35 Day 34 (July 24)

35.1 Announcements

  • Teval
  • Final grades
  • More about challenger example here

35.2 Transformations of the response

  • Big picture idea

    • Select a function that transforms \(\mathbf{y}\) such that the assumptions of normality are approximately correct.
  • Two cultures

    • This is with respect to \(\mathbf{y}\) and not the predictors. Transforming the predictors is not at all controversial.
    • Trade offs
    • Difficult to apply sometimes (e.g., \(\text{log(}\mathbf{y}+c)\) for count data)
    • Difficult to interpret on the transformed scale
    • If normality is an appropriate assumption, we can use the general linear model \(\textbf{y}\sim\text{N}(\mathbf{X}\boldsymbol{\beta},\mathbf{V})\)
  • Example

    • Number of whooping cranes each year
    url <- "https://www.dropbox.com/s/ihs3as87oaxvmhq/Butler%20et%20al.%20Table%201.csv?dl=1"
    df1 <- read.csv(url)
    plot(df1$Winter,df1$N,typ="b",xlab="Year",ylab="Population Size",ylim=c(0,300),lwd=1.5,pch="*")

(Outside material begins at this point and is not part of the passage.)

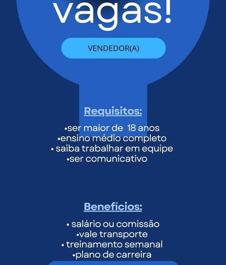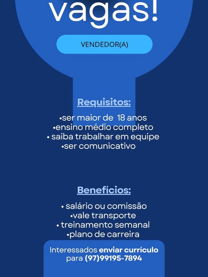 Seleção para vaga de Vendedor (a); Envie seu currículo!
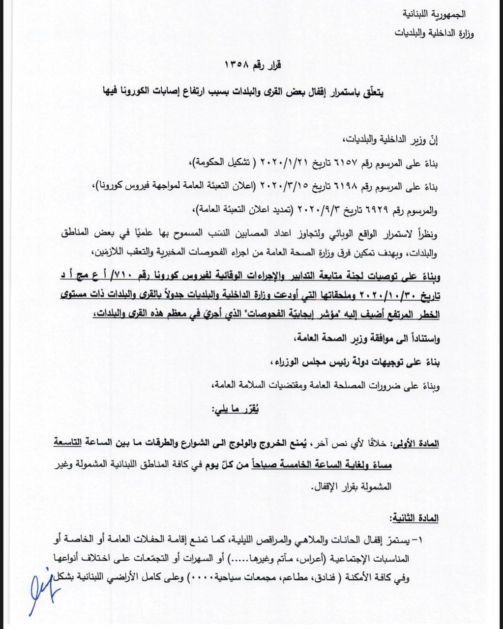 أصدر وزير الداخلية والبلديات محمد فهمي قراراً بإقفال 115 بلدة بسبب ارتفاع إصابات كورونا فيها. كما ومنع الخروج والولوج إلى الطرقات والشوارع العامة من الساعة التاسعة مساءً ولغاية الخامسة صباحاً من كل يوم في كافة المناطق اللبنانية المشمولة وغير المشمولة بقرار الاقفال.

    • Fit the model \(\mathbf{y}=\beta_{0}+\beta_{1}\mathbf{x}+\boldsymbol{\varepsilon}\) where \(\boldsymbol{\varepsilon}\sim\text{N}(\mathbf{0},\sigma^{2}\mathbf{I})\) and \(\mathbf{x}\) is the year.
    m1 <- lm(N~Winter,data=df1)
    plot(df1$Winter,df1$N,typ="b",xlab="Year",ylab="Population Size",ylim=c(0,300),lwd=1.5,pch="*")
    abline(m1,col="gold")

    • Check model assumptions
    e.hat <- residuals(m1)
    
    #Check normality
    hist(e.hat,col="grey",breaks=10,main="",xlab=expression(hat(epsilon)))

    shapiro.test(e.hat)
    ## 
    ##  Shapiro-Wilk normality test
    ## 
    ## data:  e.hat
    ## W = 0.96653, p-value = 0.09347
    #Check constant variance
    plot(df1$Winter,e.hat,xlab="Year",ylab=expression(hat(epsilon)))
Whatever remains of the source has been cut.